Shorting the Market and Buying Gold
But does this imply financial anarchy is upon us?
- What trades did I make on today's open? None. I'm small and slightly less short-leaning than I was 24 hours ago.
- I've got company in that "stick and move" thinking, according to Steve Wynn (WYNN). The "king of casinos" offered players taking wins off the table and ceasing play as one of the reasons behind his eponymous company's earnings miss last night. If you've built an empire with the sole design goal of maximizing ostentatious luxury in order to get players to stick around long enough to lose money, an environment where hiring Sheryl Crow for a party draws Congressional ire is daunting to say the least. Leaving Las Vegas, indeed.
- That said, as a man of the people who's willing to do his part by stimulating the economy in private, I promise not to attend any Sheryl Crow concerts in 2009. Sacrifice? Sure. But I'm willing to give up jamming to the contemporary pop stylings of Lance Armstrong's ex if it means setting an example for the kids.

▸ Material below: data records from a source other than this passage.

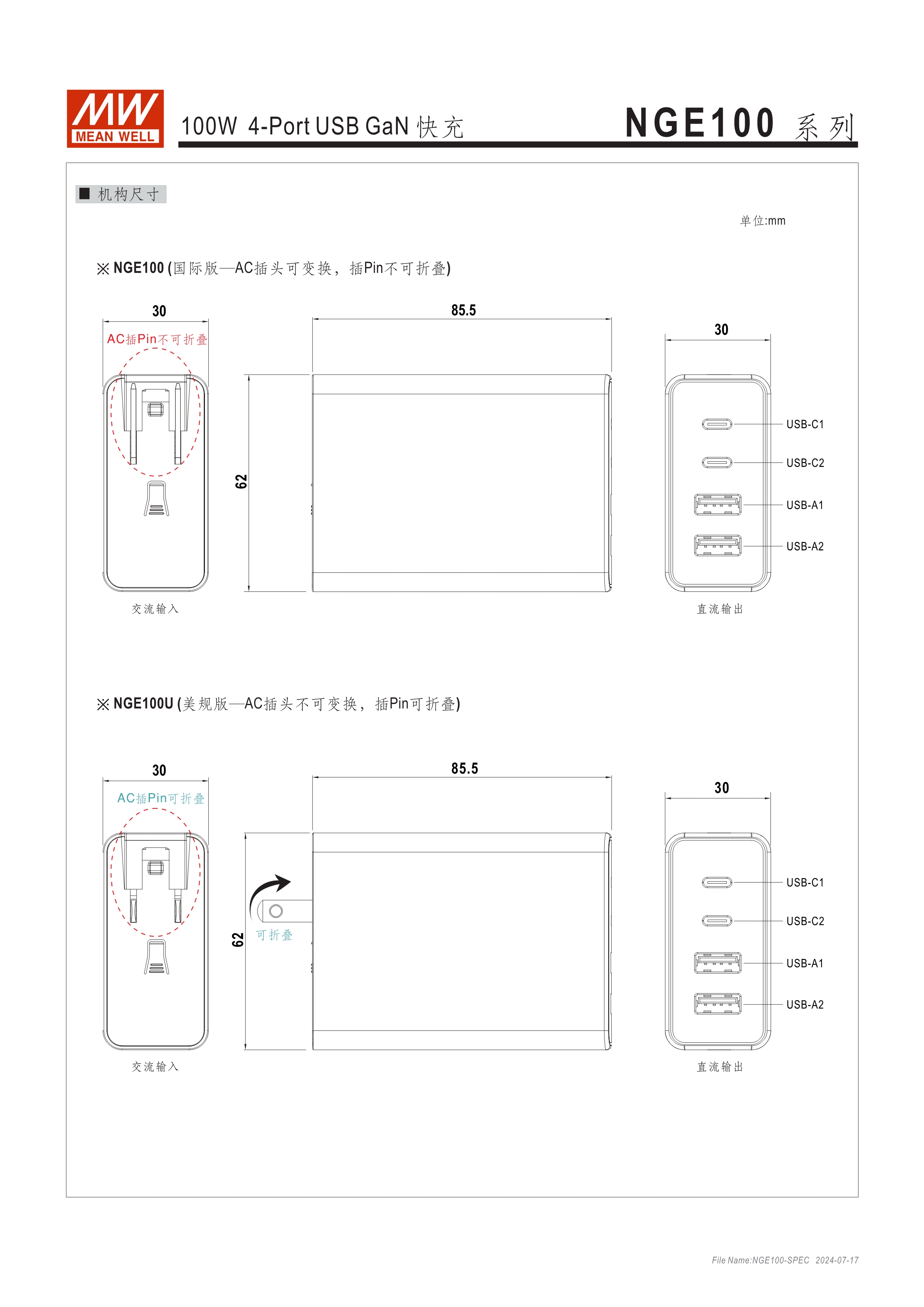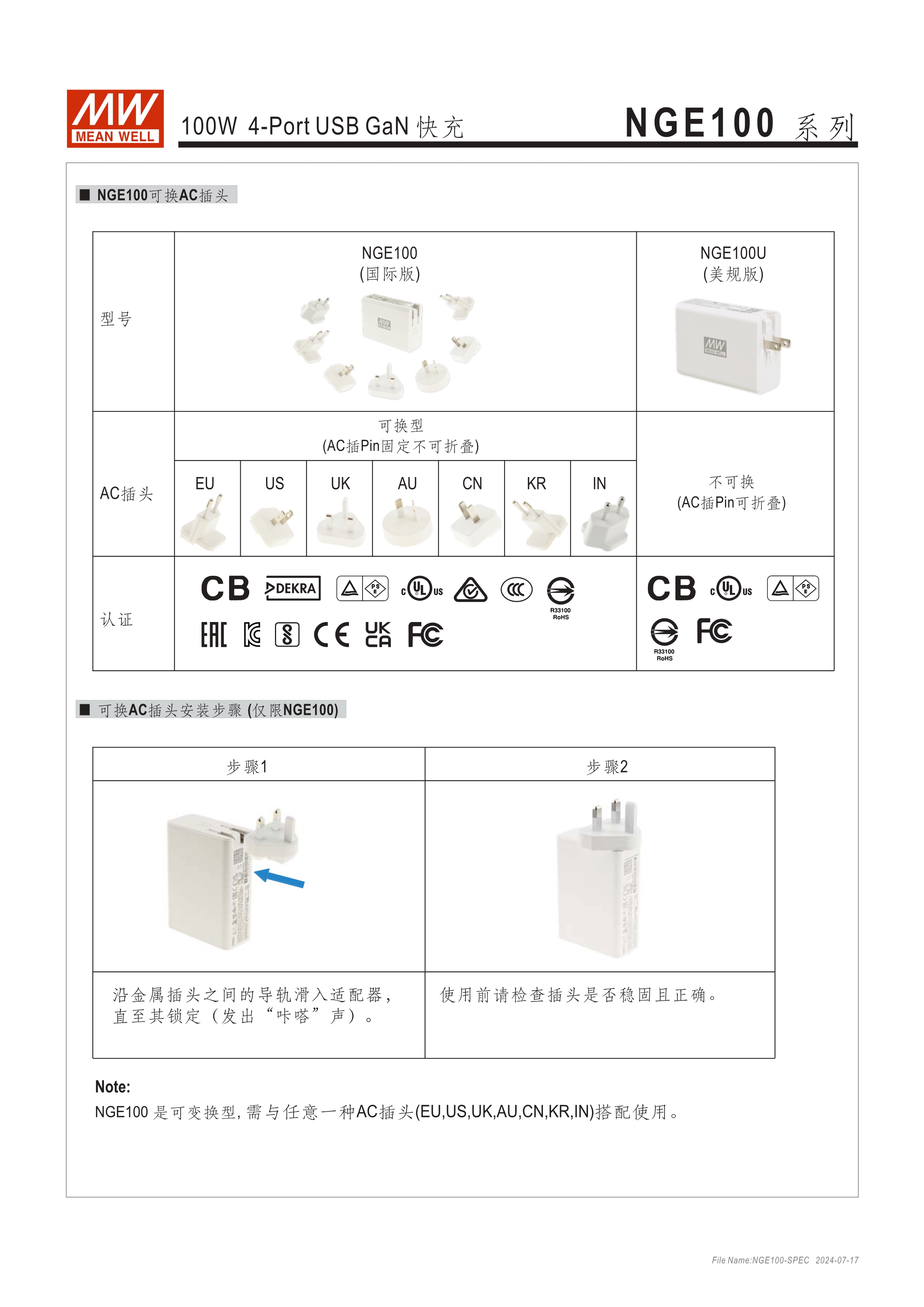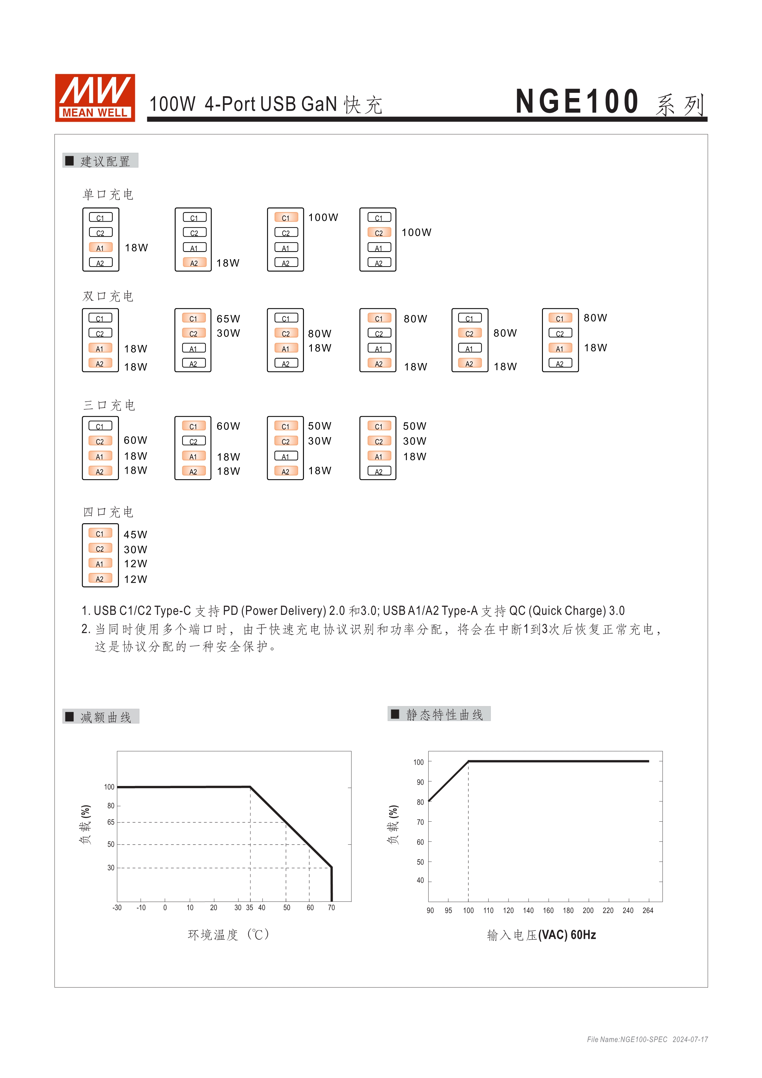 一臺(tái)可同時(shí)充多種裝置 國(guó)際版: AC插頭可變換(NGE100); 美規(guī)版: AC插頭不可換,可折疊(NGE100U) 全球國(guó)際認(rèn)證 USB-2C2A,4-Port皆可獨(dú)立快充 USB-C單port可支援最高100W快充 支援QC2.0、QC3.0、PD3.0 自動(dòng)偵測(cè)電壓:5V/ 9V/ 12V/ 15V/ 20V 保護(hù)功能 : 短路、過載、過溫 空載損耗<0.3W 能效等級(jí)Level VI 尺寸小巧 (62x 30x 85.5mm) 附贈(zèng)兼具充電及資料傳輸?shù)腡ype-C線 (100cm) 3年保固
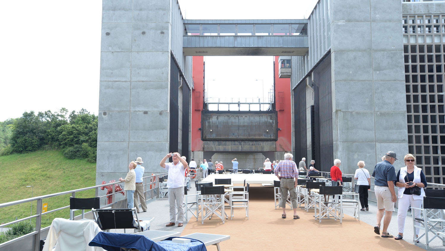 Mit dem Flussschiff Saxonia im Schiffshebewerk
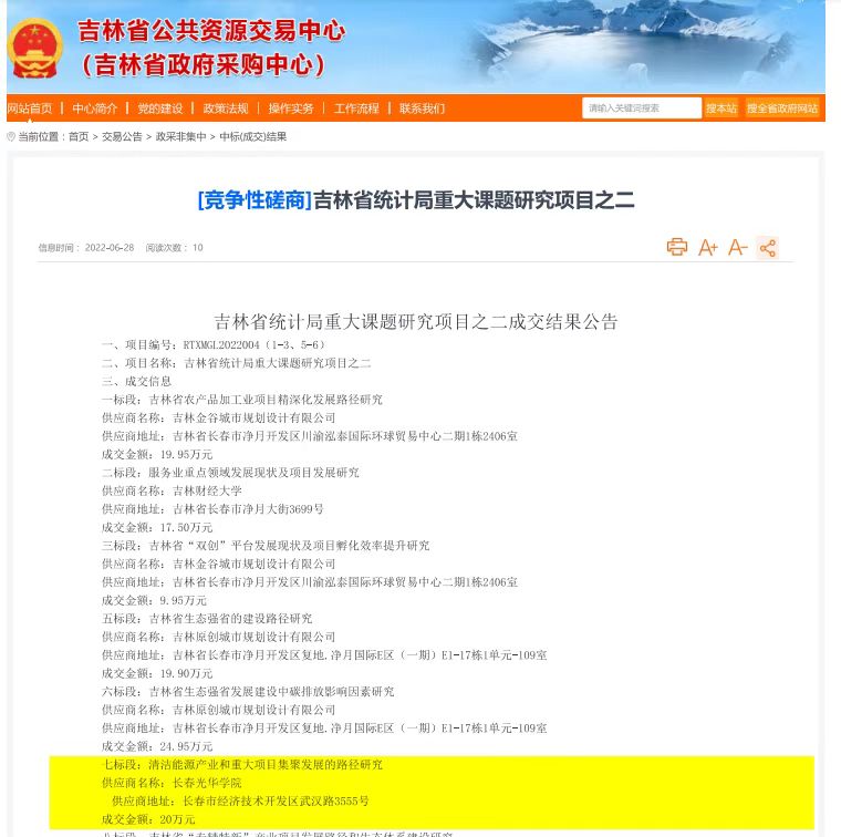 2022年6月13日,吉林省统计局在吉林省公共资源交易中心以及中国政府采购网站上同步发布了七个重大课题研究项目的招标公告。公司MKsports赵畅老师团队经过对招标公告以及磋商文件的精准解读,精心准备了竞争性磋商的响应文件,并于6月25日参与了在吉林省政府政务大厅举行的项目二七标段的竞争性磋商,在激烈竞争中公司科研团队脱颖而出,最终喜获20万元的招标项目,这也是公司文科教师科研团队在该项目上的首次突破。

- Two trades I'd make despite the financial anarchy they'd imply: Buying gold (or some derivative thereof) on a convincing break over $1000 and shorting the market if the S&P 500 tumbles below 740. Sure, I'm late the trades, and I'd be capitalizing on human misery. Cut me some slack, I just gave up Sheryl Crow.
- Would I be late to the gold party? The comparison that leaps to mind is showing up for a New Year's Eve party tonight. Which is why I can, and will, wait for a breakout. I don't believe in triple tops or triple bottoms. Preying on human misery or not, buying breakouts and breakdowns gives you tight stop levels you don't have to think about ($1000 on gold and S&P 741, for those who skipped to this bullet). And emotional markets trade on technicals, suggesting potential "whoosh" action on each trade.
- Regarding that Mars mission, I'm not entirely giving up hope. If we could fake the moon landings convincingly using 1969 technology and blurry footage of a Volkswagen wrapped in tin-foil, today's CGI technology could certainly give a nation struggling to believe in a nice goal for the next decade. The "mission" (wink) wouldn't save the ogre-ugly quarter DreamWorks (DWA) just turned in, but a fake Mars project beats the heck out of subsidizing a generation of workers making cars no one wants by a mile.
- Global warming may be as phony as the moon landings but, if I'm reading between the lines of Obama's speech correctly, Toyota (TM) has the best products and the distinct advantage of not needing to beg an increasingly obnoxious and reluctant Congress for money. As rued in public, I bought around $60 and sold a painfully partial position on the move to $70. I'd be a buyer on a revisit of $60 and a seller at $70. Anything in the middle is simply noise.
With that, I'm off to take my sleep-deprivation-driven logorrhea to my yoga instructor. Don't worry, she's been warned.